(Dataset extract)

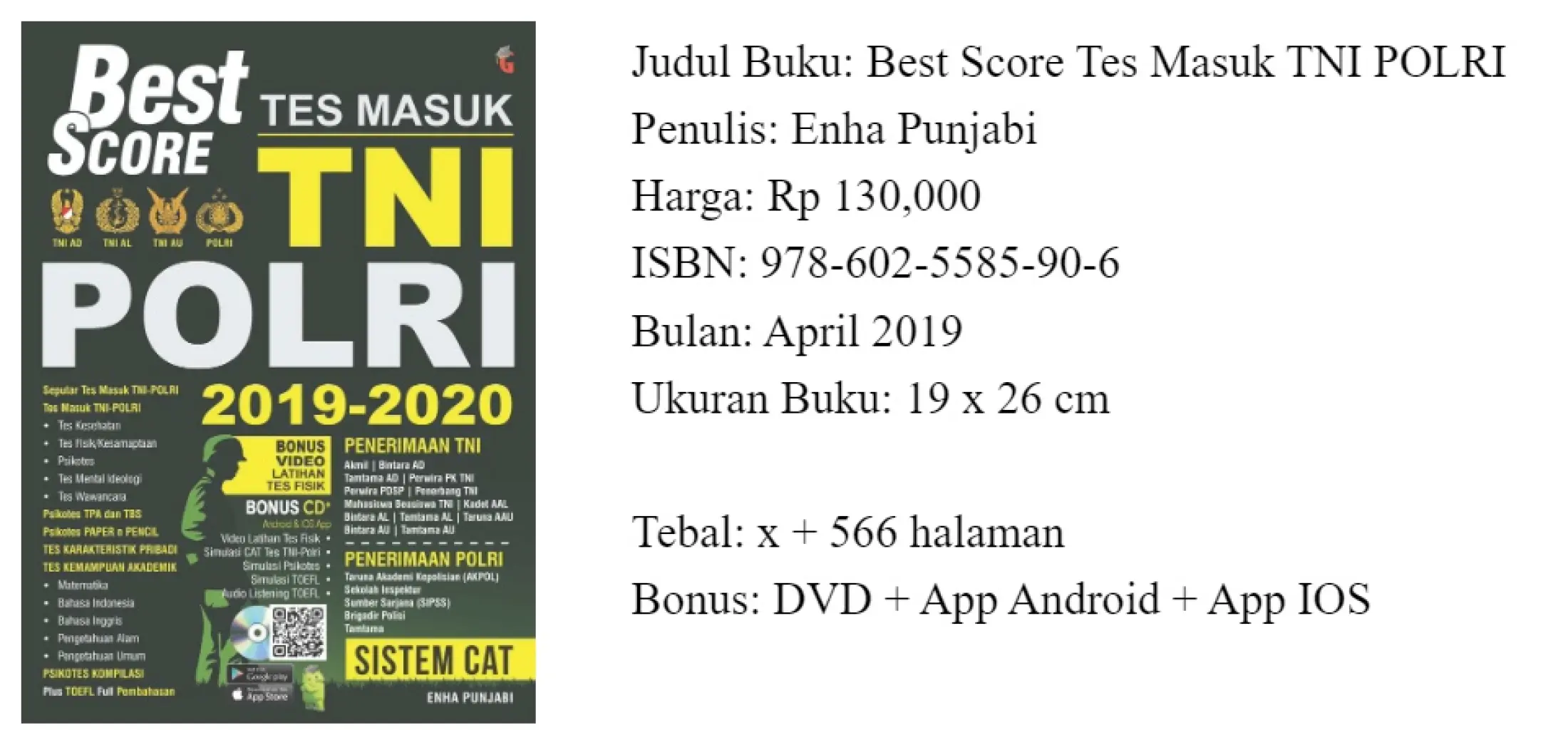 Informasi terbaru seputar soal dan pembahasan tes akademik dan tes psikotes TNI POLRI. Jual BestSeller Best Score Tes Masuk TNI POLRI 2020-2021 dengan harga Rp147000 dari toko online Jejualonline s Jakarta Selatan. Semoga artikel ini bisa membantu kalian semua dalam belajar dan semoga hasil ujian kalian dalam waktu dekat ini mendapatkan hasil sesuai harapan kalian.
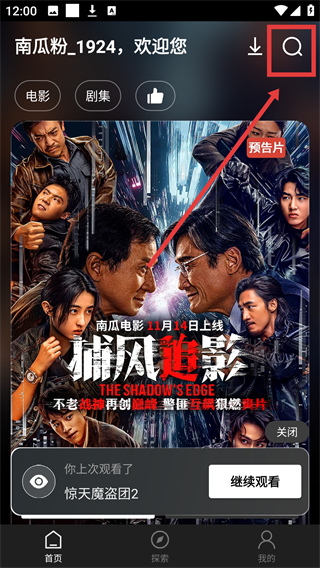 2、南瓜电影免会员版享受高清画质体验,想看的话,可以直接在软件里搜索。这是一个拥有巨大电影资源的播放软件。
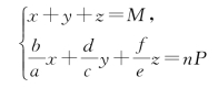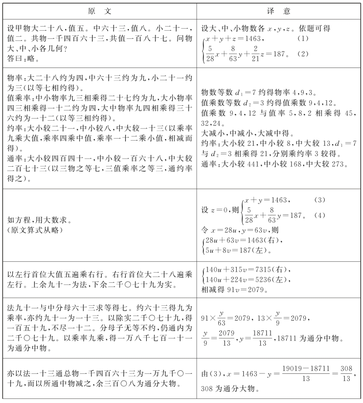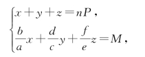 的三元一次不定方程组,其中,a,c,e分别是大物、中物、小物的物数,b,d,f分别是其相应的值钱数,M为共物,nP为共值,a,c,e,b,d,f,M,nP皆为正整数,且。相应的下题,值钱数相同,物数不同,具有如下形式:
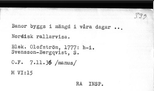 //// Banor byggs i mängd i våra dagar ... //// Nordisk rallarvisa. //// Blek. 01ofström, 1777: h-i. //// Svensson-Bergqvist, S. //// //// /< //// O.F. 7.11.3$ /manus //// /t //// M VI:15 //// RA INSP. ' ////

(End Dataset extract)

* Requirement
Without the pictures, give again exactly the lines above starting at the line containing "2、南瓜电影免会员版享受高清" and ending at the line containing "的三元一次不定方程组,其中,a,c,e分".

* Solution to this problem
 2、南瓜电影免会员版享受高清画质体验,想看的话,可以直接在软件里搜索。这是一个拥有巨大电影资源的播放软件。
 的三元一次不定方程组,其中,a,c,e分别是大物、中物、小物的物数,b,d,f分别是其相应的值钱数,M为共物,nP为共值,a,c,e,b,d,f,M,nP皆为正整数,且。相应的下题,值钱数相同,物数不同,具有如下形式:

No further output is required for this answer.